Work hours will continue to be controlled in accordance with NRC
requirements. The new rule allows for deviations from controls to
mitigate or prevent a condition adverse to safety or as necessary to
maintain the security of the facility. This ensures that the new
rule will not restrict work hours and thereby create the possibility
of a new or different kind of accident from any accident previously
evaluated.
The proposed changes do not alter plant configuration, require
that new plant equipment be installed, alter assumptions made about
accidents previously evaluated, add any initiators, or affect the
function of plant systems or the manner in which systems are
operated, maintained, modified, tested, or inspected.
Therefore, it is concluded that this change does not create the
possibility of a new or different kind of accident from any accident
previously evaluated.
3. Do the proposed changes involve a significant reduction in a
margin of safety?
Response: No.
The proposed changes remove TS controls on working hours for
personnel who perform safety related functions. The TS controls are
superseded by the worker fatigue requirements in 10 CFR Part 26. The
proposed changes do not involve any physical changes to the plant or
the manner in which plant systems are operated, maintained,
modified, tested, or inspected. The proposed changes do not alter
the manner in which safety limits, limiting safety system settings
or limiting conditions for operation are determined. The safety
analysis acceptance criteria are not affected by this change. The
proposed changes will not result in plant operation in a
configuration outside the design basis. The proposed changes will
not adversely affect systems that respond to safely shut down the
plant and to maintain the plant in a safe shutdown condition.
Removal of plant-specific TS administrative requirements will
not reduce a margin of safety because the requirements in 10 CFR
Part 26 are adequate to ensure that worker fatigue is managed.
Therefore, it is concluded that these changes do not involve a
significant reduction in a margin of safety.
The NRC staff has reviewed the licensee's analysis and, based on
this review, it appears that the three standards of 10 CFR 50.92(c) are
satisfied.
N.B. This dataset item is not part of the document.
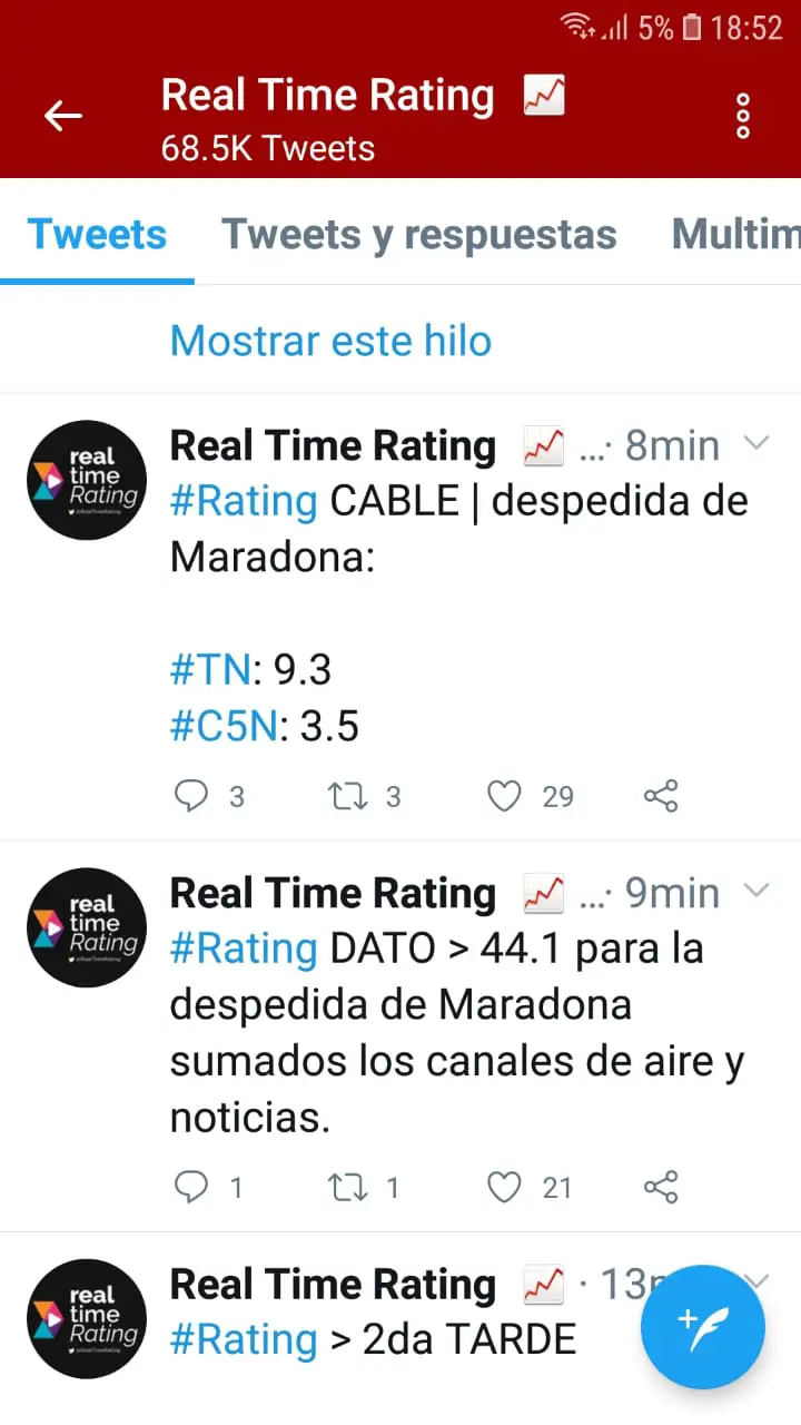 Por caso, el encuentro entre Argentina y Nigeria, el 26 de julio de 2018, tuvo un rating de 40.5 mientras que el partido en el que Francia dejó afuera a la Selección, el 30 de julio, sí superó apenas a la transmisión de la despedida del 10, con 45.3 puntos.

Therefore, the NRC staff proposes to determine that the
amendment request involves no significant hazards consideration.
Attorney for licensee: David T. Conley, Associate General Counsel
II--Legal Department, Progress Energy Service Company, LLC, Post Office
Box 1551, Raleigh, NC 27602.
NRC Branch Chief: Thomas H. Boyce.
Entergy Operations, Inc., Docket No. 50-368, Arkansas Nuclear One, Unit
No. 2, Pope County, Arkansas
Date of amendment request: November 13, 2008.
Description of amendment request: The proposed change will modify
Technical Specification (TS) 3.3.1.1, ``Reactor Protective
Instrumentation.'' Specifically, Table 4.3-1 and the associated Notes 7
and 8 will be revised to clarify and streamline the reactor coolant
system (RCS) flow verification requirements associated with the
departure from nucleate boiling ratio (DNBR) reactor trip signal.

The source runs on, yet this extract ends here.